Caso di studio 2: Industria dell’intrattenimento (Netflix)
Netflix ha rivoluzionato l’industria dell’intrattenimento attraverso l’utilizzo dell’iperpersonalizzazione. L’ex VP di innovazione del prodotto di Netflix ha dichiarato in un’intervista che:
“Se un membro di questa piccola isola esprime un interesse per l’anime, allora siamo in grado di mappare quella persona alla comunità globale dell’anime. Sappiamo quali sono i migliori film e spettacoli per le persone in quel mondo.”
Secondo quanto riferito, le raccomandazioni personalizzate risparmiano a Netflix oltre 1 miliardo di dollari ogni anno. La società utilizza l’AI per analizzare una vasta gamma di punti di dati dei clienti, tra cui:
- Storico di visualizzazione
- Valutazioni assegnate a diversi spettacoli o film
- Ora del giorno in cui un utente guarda determinati contenuti
Analizzando grandi quantità di dati altamente contestualizzati, Netflix suggerisce contenuti iperpersonalizzati in base alle preferenze dell’utente. Di conseguenza, l’80% delle ore di contenuto visualizzate su Netflix provengono dal sistema di raccomandazione, mentre il 20% proviene dalle ricerche. Ciò migliora l’esperienza del cliente e l’engagement e riduce il tasso di abbandono.
Preoccupazioni e implicazioni etiche dell’iperpersonalizzazione AI
Mentre i vantaggi dell’iperpersonalizzazione sono enormi, ci sono anche preoccupazioni cruciali e implicazioni etiche da considerare:
Questioni di privacy
Gli utenti potrebbero essere a disagio nel sapere che ogni clic, acquisto o interazione viene tracciato e analizzato, anche se il tracciamento intende migliorare l’esperienza utente. Nel settembre 2021, Netflix ha subito una multa di 190.000 dollari imposta dalla Commissione per la protezione delle informazioni personali (PIPC) della Corea del Sud. Secondo quanto riferito, Netflix ha violato la sua Legge sulla protezione delle informazioni personali (PIPA) impegnandosi nella raccolta illegale di informazioni personali dagli utenti.

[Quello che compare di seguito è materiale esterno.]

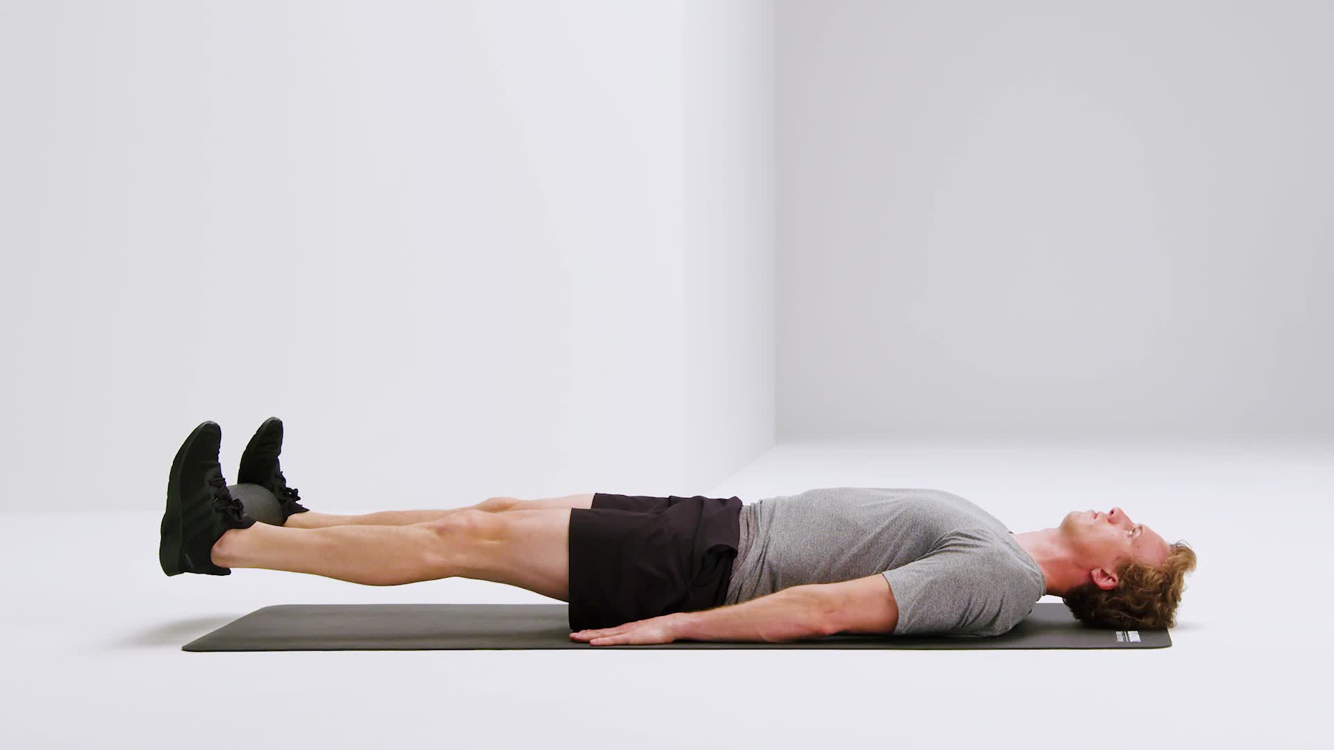 Lege dich auf den Rücken und klemme die BLACKROLL® zwischen den Füßen ein. Die Arme liegen locker neben dem Oberkörper. Aktiviere die Bauchmuskulatur und hebe die gestreckten Beine vom Boden ab.

Manipolazione del consumatore
L’iperpersonalizzazione potrebbe portare a un aumento della manipolazione del consumatore. Con la conoscenza delle preferenze e dei comportamenti individuali, le aziende possono influenzare la presa di decisioni in larga misura, sollevando questioni etiche sull’autonomia e il consenso. Quando le aziende sanno dove sei, cosa hai acquistato e cosa ti piace e non ti piace, stanno camminando su una fune sottile tra freddo e inquietante – con un’alta probabilità di entrare nel regno inquietante.
In conclusione, l’iperpersonalizzazione, alimentata da AI e ML, ha già portato significativi progressi in vari settori. Tuttavia, il suo potenziale è ancora da essere pienamente attualizzato. Ad esempio, l’iperpersonalizzazione potrebbe tradursi in medicina personalizzata, con trattamenti e strategie preventive personalizzate per il profilo genetico e lo stile di vita di ogni paziente. Tuttavia, queste opportunità hanno anche significative implicazioni etiche e sfide che devono essere affrontate.